Et là aussi, l’enseignement supérieur et la recherche ont tout pour être aux avant-postes. C’est pourquoi j’ai souhaité mobiliser l’ensemble des présidents et directeurs d’établissements en fixant notre objectif à 30 ateliers labélisés tour de France de l’Egalité dans l’enseignement supérieur et la recherche.

Cette mobilisation engage l’ensemble des acteurs de la vie universitaire – y compris, bien sûr, les étudiants. Je sais que les organisations qui les représentent sont désireuses d’inscrire leur action dans un cadre plus global, pour là encore en démultiplier les effets. 

C’est pourquoi j’ai proposé aux organisations étudiantes de nous apporter leur aide et de prendre toute leur part dans ce combat. Une campagne de prévention sera menée sur le terrain en mars 2018 par l’ensemble des organisations étudiantes représentatives. 

Et je souhaite remercier ici la FAGE, l’UNEF, Parole Etudiante et l’UNI d’avoir accepté de conjoindre leurs forces au nom de l’intérêt collectif des étudiants.  

Ce que nous devons bâtir tous ensemble, Mesdames et Messieurs, c’est une politique de l’exemplarité. 

Et je serai au côté de chacun des établissements relevant de mon ministère pour les accompagner. 

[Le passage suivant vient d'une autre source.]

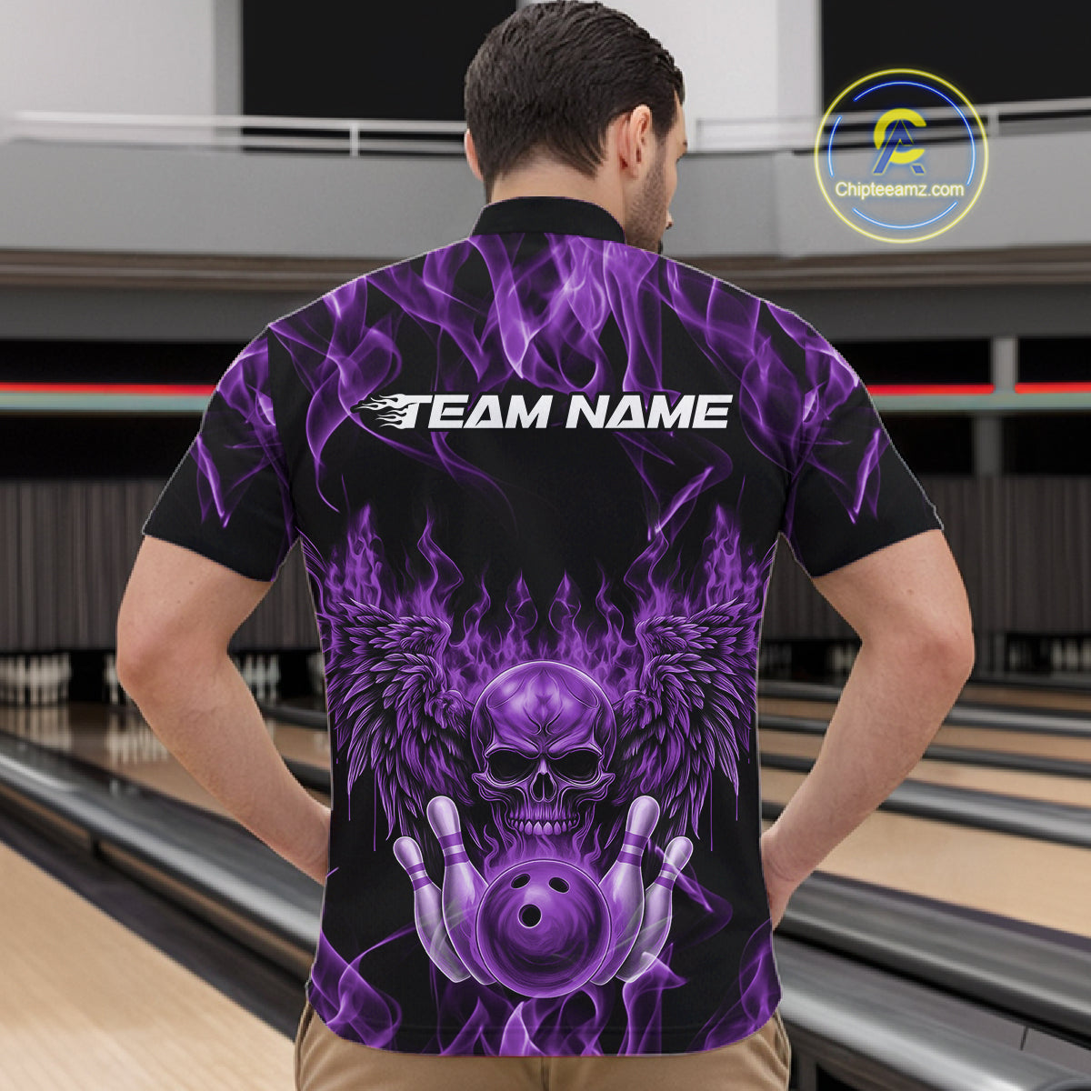 Custom Black And Purple  Flame Skull With Wings Men Bowling Shirt, Halloween Team Shirt IPHW10168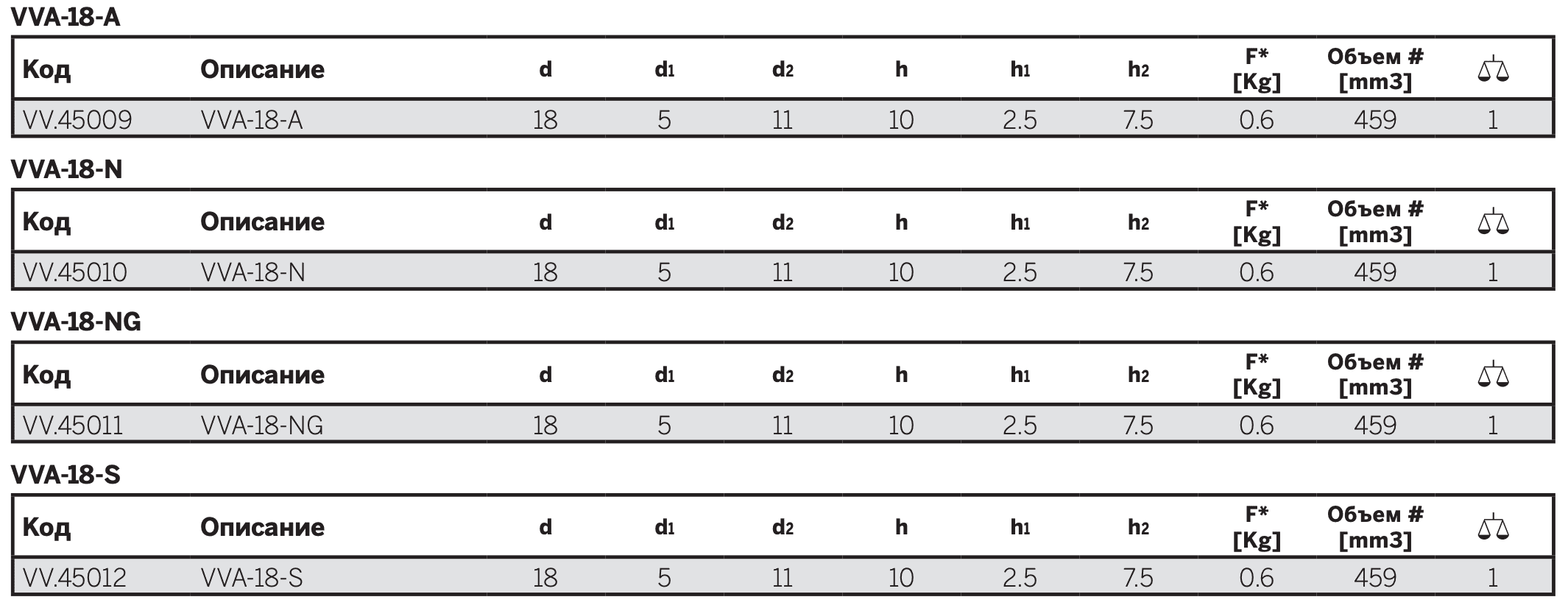 - VVA-18-A: маслостойкий каучук, без опоры.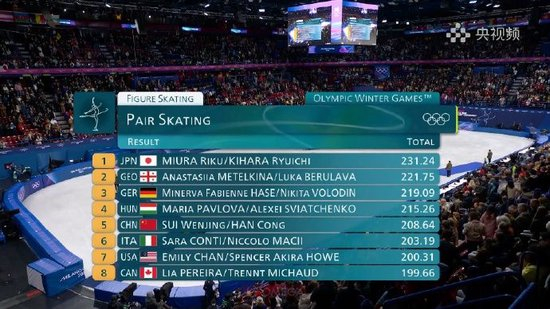 第五收官!隋文静/韩聪组合花样滑冰双人自由滑第5,日本组合夺金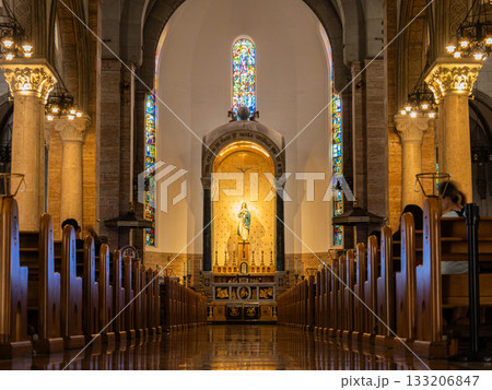 豪華なシャンデリア チャペルステンドグラスのブライダルイメージ画像

Au-delà de ces actions, c’est une véritable culture de l’égalité que nous devons construire ensemble. Et c’est en vérité le message profond d’espoir que portent les travaux scientifiques sur les inégalités de genre. Ces inégalités, parce qu’elles sont construites, nous avons la capacité de les déconstruire, changer les choses et de faire émerger une autre réalité sociale. 

Ce mouvement aussi profond demandera du temps mais nous le souhaitons irréversible. Les méthodes éducatives, les représentations, les stéréotypes, tout ce que vous souhaiterez étudier par vos travaux nous permettra de prendre nos responsabilités collectives. Et une nouvelle fois, j’attends de la science qu’elle éclaire les politiques publiques. 

Je sais que je peux compter pour vous pour ce faire et pour cela aussi, je tenais à vous remercier.